"Non-manufacturing business activity increased for the 46th consecutive month in January," Nieves said. He added, "Business Activity increased at a faster rate in January than in December. New Orders and Employment increased at slower rates than in December. The Prices Index decreased 4.5 percentage points this month to 55.2 percent. Seven non-manufacturing industries reported increased activity in January. Members' comments in January are mostly positive concerning current business conditions. The overall indication in January is continued economic growth in the non-manufacturing sector at a faster pace than in December."
Let's look at the internals.
First, the overall index increased a few points. That doesn't hurt. But the increase was 2.3. In other words, it's a bit higher than last months survey.
But some of the internals aren't that solid. New orders decreased .2% and employment decrease 1.5%. New export orders decreased 6.5% and imports decreased 10%. These four numbers point to a slowdown, not an expansion. The backlog of orders increased 1%.
On the plus side, prices dropped 4.5%.
Here is the comments section from the report:
* "Revenue is better and costs are starting to come down — especially petroleum-related costs." (Agriculture, Forestry, Fishing & Hunting)
* "Activity continues to exceed plans." (Health Care & Social Assistance)
* "Our sales continue to lag behind expectations, causing plans for deeper cost-cutting measures." (Retail Trade)
* "2007 off to a brisk start!" (Utilities)
* "More requests for services, particularly offshoring." (Professional, Scientific & Technical Services)
Note the highlighted comment from the retail industry -- sales continue to lag. That indicates several points. First, the Census Bureau's new retail model is probably a bit off (still) and rill be revised downward in the next report. Secondly, it indicates the downtrend has been in place a bit longer than the time period of the report (the use of the word "continue").
Also note the offshoring activity is specifically mentioned. That means we may have a further drop in employment over the next few months -- or at least weaker growth.
Again -- while the overall index was up, the internals were down.


2 comments:
This is not snark, but "prices falling" does not strike me as good news.

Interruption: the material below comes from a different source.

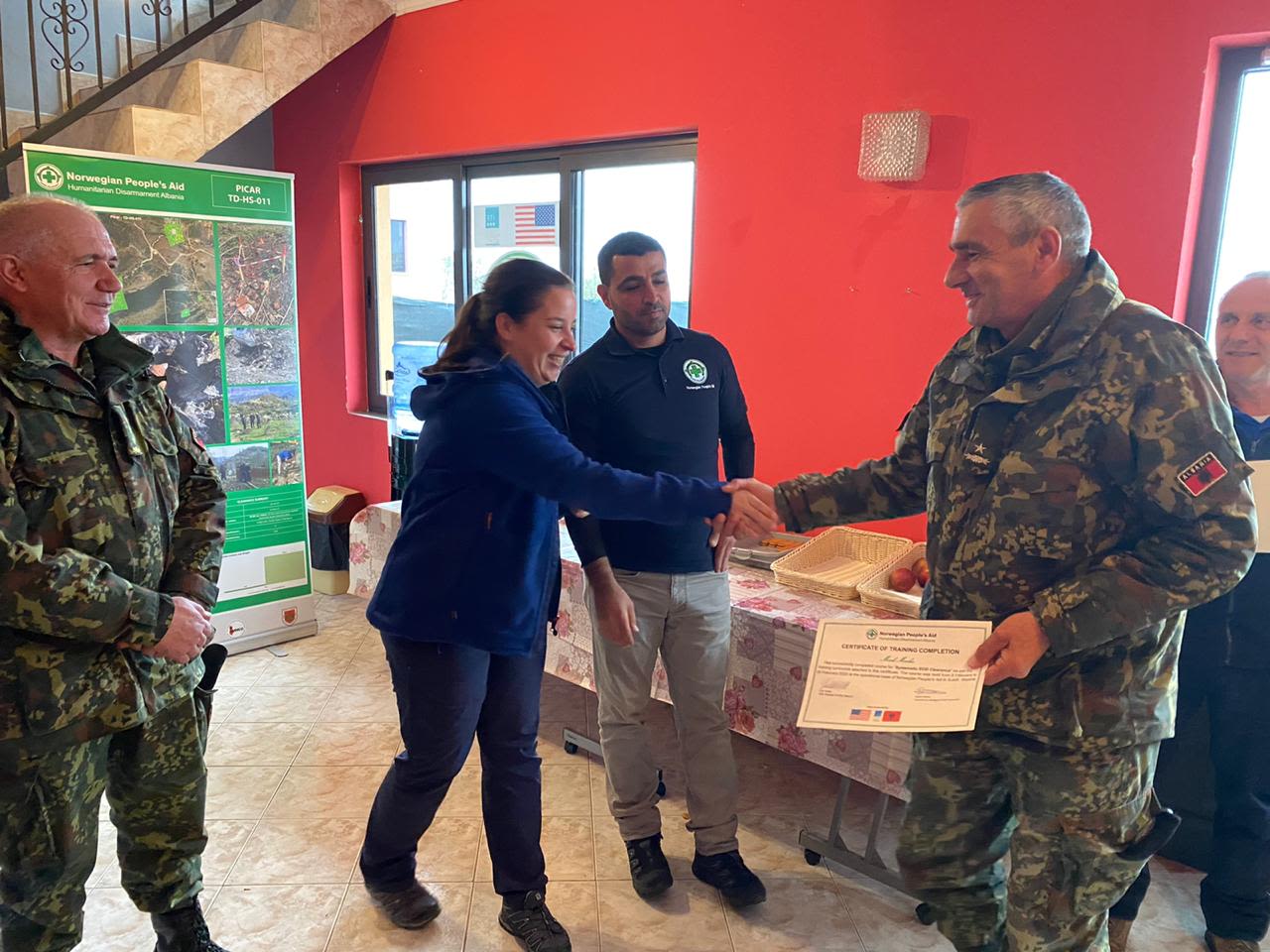 NPA's Country Director Eva Veble is given thanks after job well executed in Albania.

Prices will fall as the consumer pulls in his/her horns/[female equivalent of horns].
No, I would say that this is the beginning of the end.
It will be extremely interesting to see how long the stock market can stay afloat. A death watch, if you will.
Yes, all five numbers ... the four included as a group plus the price drop ... point to declining activity.
And professional offshoring services are a one-off that lead to a permanent reduction in domestic value-added. They are only a net positive if the increase in the growth in domestic value added in exports more than covers the drop in domestic value-added in production for the domestic market.
With those export numbers, there does not appear to be the kind of substantial "export platform" growth that is a pre-requisite for that kind of "cross-haul trade" led growth ('pre-requisite' implying that this is a necessary but not sufficient condition).